Une prescription ainsi ramenée à cinq ans effacerait toutes les discriminations passées liées à l'évolution de carrière antérieures à cinq ans, puisque la loi serait d'application immédiate, mais elle rendrait également invisibles toutes les situations de discrimination à l'avenir, les recouvrant du voile de la prescription chaque année qui passe dans le cadre d'un délai court de cinq ans.

Alors même que nous débattons de la nécessité de renforcer la lutte contre toutes formes de discriminations, vous comprendrez notre interrogation et celle de ceux qui luttent au quotidien contre ces formes rampantes de discriminations.

En second lieu, la prescription à cinq ans en matière de discrimination serait incompatible avec la norme européenne.
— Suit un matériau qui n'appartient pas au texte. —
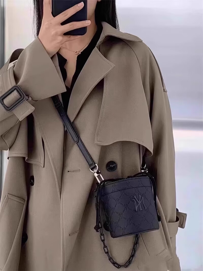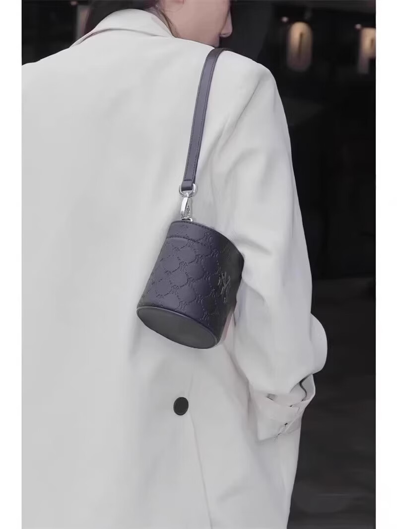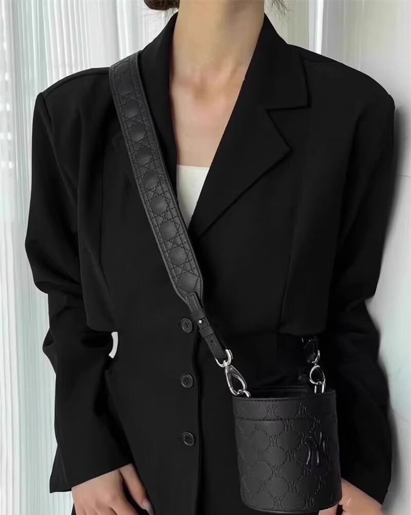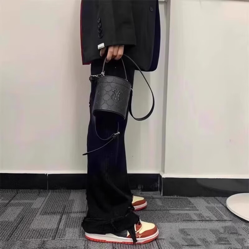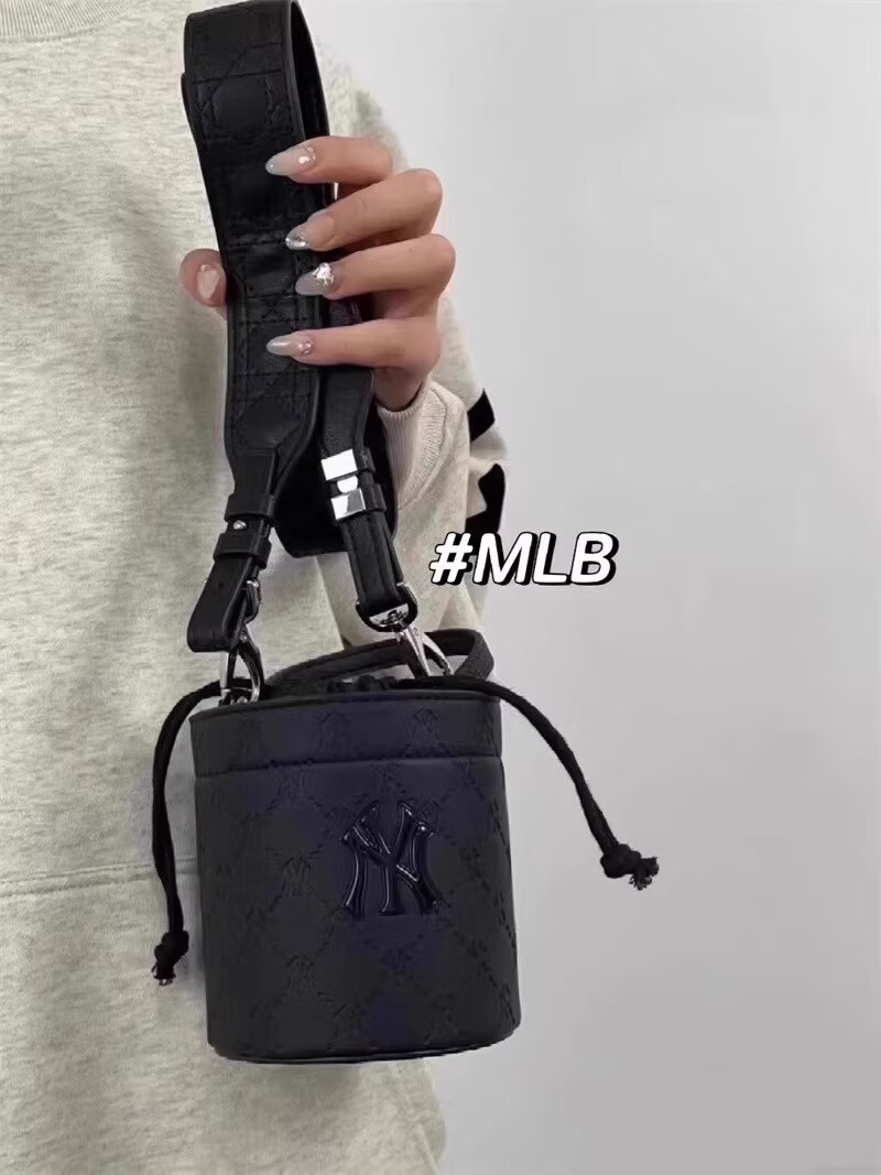 MLB水桶包 韩国水桶包女新款洋基队NY香水包复古老花休闲单肩斜挎包 黑色单肩包
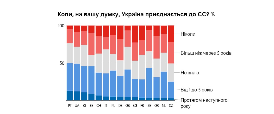 Скептицизм относительно быстрого украинского пути самый большой в таких странах как Германия, Болгария и Чехия: во всех трех странах около половины респондентов считают, что Украина может вступить в ЕС более чем через пять лет или никогда. В то же время, около половины граждан Украины считают, что это произойдет в течение следующих пяти лет, а 29% говорят, что это займет больше времени или вообще не произойдет.
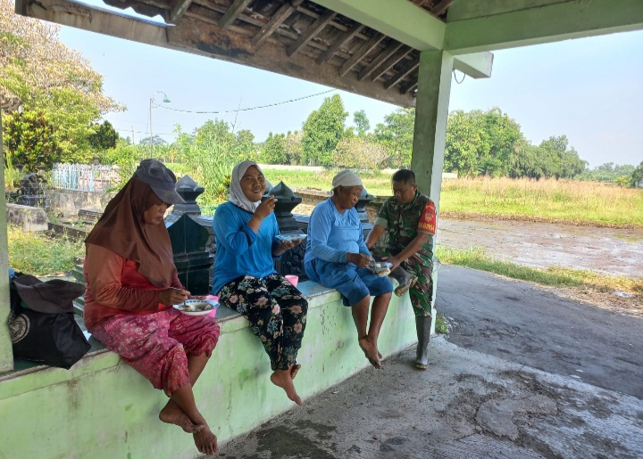 Dengan memanfaatkan waktu istirahat sejenak di sela-sela kerja, Sertu Zainal terlihat mengobrol santai bersama petani dengan menikmati makan dan minuman dingin yang di bekal dari rumah.
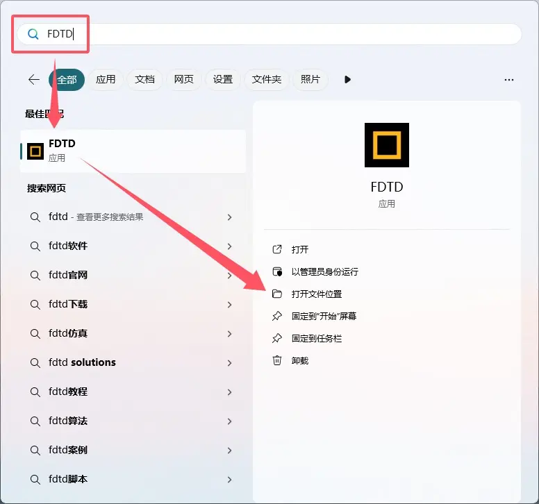 开始菜单,搜索FDTD应用,打开文件位置。
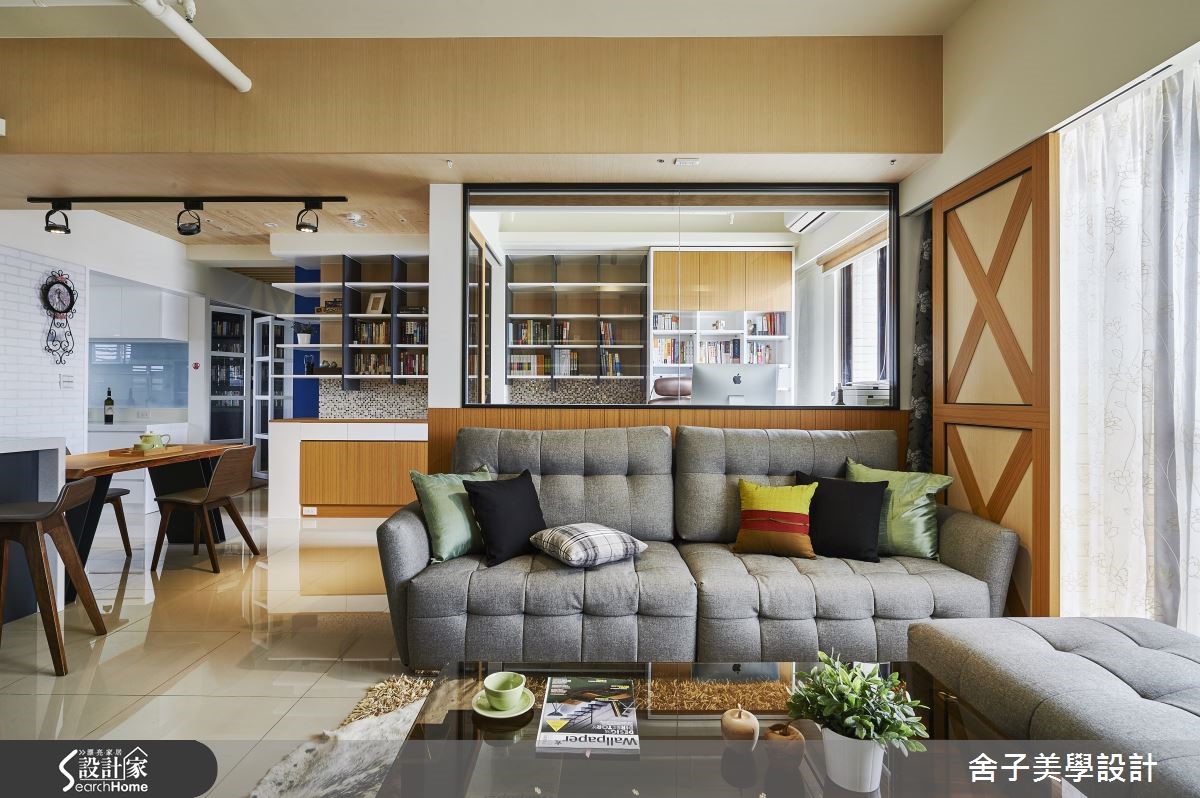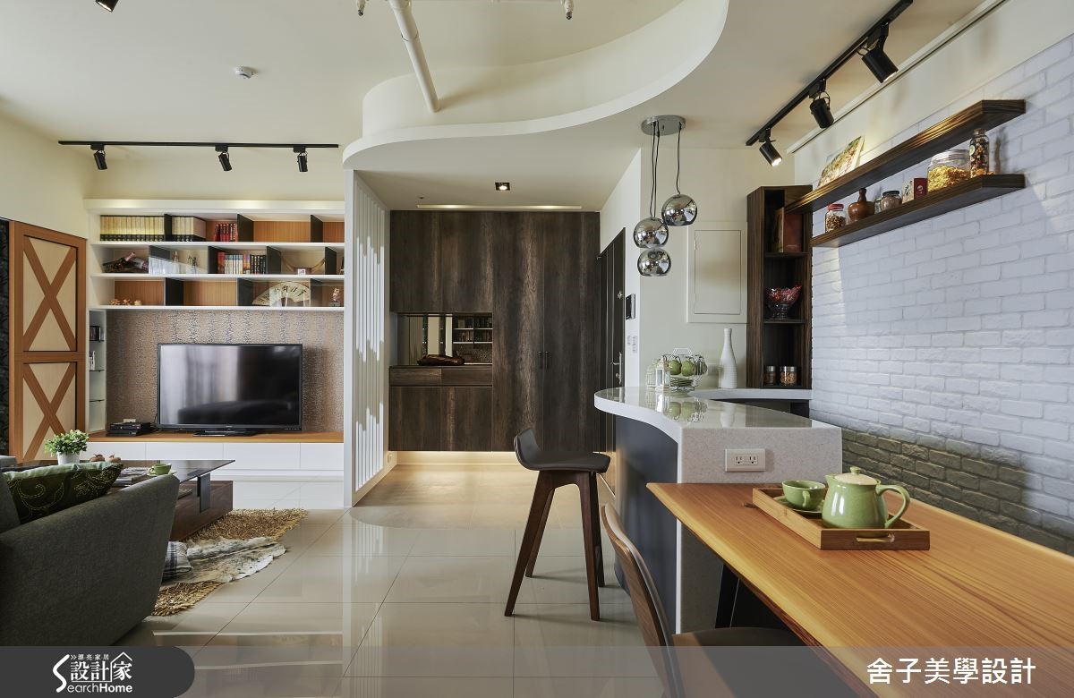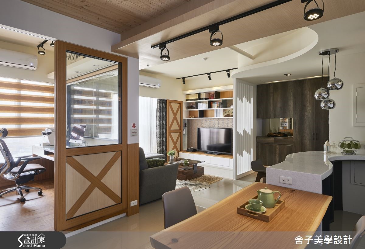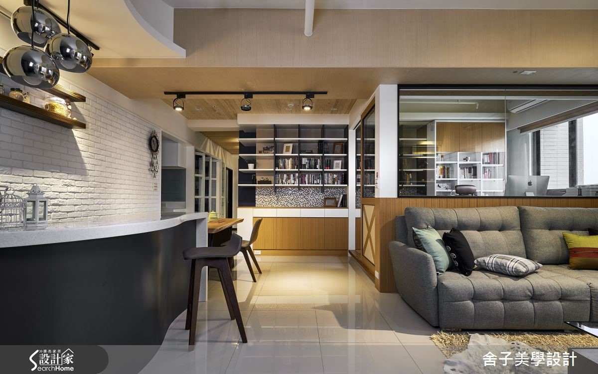 位于河畔的99平方米美式宅,以休闲感作为设计初衷,让楼板呈裸露设计并加入局部天花造型,搭配温润木色及异材质变化,使整体显得活跃生动,让屋主一回到家,即能体验到全然放松。【造型书墙串连空间,成吸睛焦点】走进大门,可见玄关与室内空间铺陈不同地面材质,藉此达到界定领域作用,并规划一道白色屏风,以镂空的虚实手法体现轻盈感。客厅电视墙则结合展示柜,透过材质搭配与适度比例分割,彰显大方生动的墙面表情,同时透过落地窗引入采光风景,注入愉悦的居家氛围。客厅后方安置书房领域,以清玻作为二者隔断,达到领域的独立性与通透感,且于书房配置一面造型书墙,一路延伸至餐厅,不仅做足收纳,更让客厅、餐厅、书房各区巧妙串联。主卧内,则考量到床头上方横亘梁柱,以柜体设计缓解压迫感受,并透过花色墙纸铺贴,营造唯美优雅的意境,同时沿着窗边做出飘窗,给予悠闲放松的私人角落。

Alors même que nous sommes amenés à revenir sur une transposition imparfaite de directives européennes, la majorité n'a apparemment pas retenu la leçon, puisque la prescription quinquennale annoncée est contraire à la directive « refonte » 200654 sur l'égalité des chances et de traitement entre les hommes et femmes en matière d'emploi et de travail.

Un délai de cinq ans entraînera de fait un plafond maximal d'indemnité, par le jeu de la prescription. La réparation ne sera pas « suffisante au regard du préjudice subi », et les sanctions ne seront ni « proportionnées », ni « dissuasives », eu égard à la faiblesse d'indemnités par rapport à un préjudice réel, qui serait supérieur. Tout cela en totale contradiction avec la directive « refonte » de 2006.
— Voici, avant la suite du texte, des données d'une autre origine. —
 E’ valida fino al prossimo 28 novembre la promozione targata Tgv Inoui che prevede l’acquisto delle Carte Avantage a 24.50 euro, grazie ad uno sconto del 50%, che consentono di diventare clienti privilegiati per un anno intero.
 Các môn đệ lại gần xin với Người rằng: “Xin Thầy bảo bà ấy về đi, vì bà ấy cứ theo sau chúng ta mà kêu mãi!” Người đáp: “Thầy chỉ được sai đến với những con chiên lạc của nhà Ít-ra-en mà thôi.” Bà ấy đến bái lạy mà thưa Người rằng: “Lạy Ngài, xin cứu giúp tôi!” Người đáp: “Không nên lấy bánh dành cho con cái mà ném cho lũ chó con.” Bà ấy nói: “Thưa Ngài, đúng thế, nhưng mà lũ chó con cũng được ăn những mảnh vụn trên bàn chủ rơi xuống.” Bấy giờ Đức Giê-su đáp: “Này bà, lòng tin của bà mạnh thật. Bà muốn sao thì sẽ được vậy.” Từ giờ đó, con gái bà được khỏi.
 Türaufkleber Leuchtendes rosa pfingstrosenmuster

La mesure de la démesure ne peut se faire sur cinq ans... Est-ce l'objectif recherché ? On peut le penser à la lecture de la première proposition de loi en 2003, visant « à réduire à cinq ans la prescription applicable aux actions en justice fondées sur une discrimination syndicale », qui émanait de M. Godfrain. Il est regrettable de proposer une réduction à cinq ans du délai de prescription au moment même où le dispositif juridique adopté en 2001 concernant l'aménagement de la charge de la preuve permet de voir aboutir des actions en justice contre les discriminations.

En conséquence, pour être en conformité avec le droit européen, et permettre un traitement juste des situations de discrimination, il est nécessaire que la prescription civile extinctive de droit commun de cinq ans soit expressément écartée en matière de situations de discrimination telles que visées à l'article L. 122-45 du code du travail.

À l'instant où nous allons transposer les textes communautaires en matière de discrimination dans notre cadre législatif national, veillons à ne pas vider de leur sens ceux relatifs à la discrimination au travail.

Je veux, à cet égard, rapporter les propos du président de la HALDE, M. Louis Schweitzer qui vient de déclarer aujourd'hui même son opposition au raccourcissement de trente ans à cinq ans du délai de prescription en matière civile. Cette proposition, estime-t-il, « n'est pas un progrès » car la durée de trente ans lui semble « pleinement justifiée » Il a précisé que le collège de la HALDE avait émis une « recommandation » pour demander le maintien de la prescription à trente ans.

La position du Gouvernement sur ce sujet est attendue par le monde du travail, mais aussi par toutes les associations luttant contre toute forme de discrimination susceptible de provoquer dans le milieu professionnel des conséquences par trop définitives et profondément injustes. Tout ce que le texte que nous examinons aujourd'hui prétend réparer.

Par conséquent, nous aimerions connaître votre position, madame la secrétaire d'État, sur cette proposition de loi. Acceptez-vous que le texte débattu aujourd'hui soit balayé dans quelques semaines par une proposition de loi sur la prescription civile ?

Les avancées en matière de lutte contre les discriminations seraient illusoires si, dans le même temps, nous ôtions toute portée aux actions judiciaires menées contre les actes de discrimination. (Applaudissements sur les bancs du groupe socialiste, radical, citoyen et divers gauche et du groupe de la Gauche démocrate et républicaine.)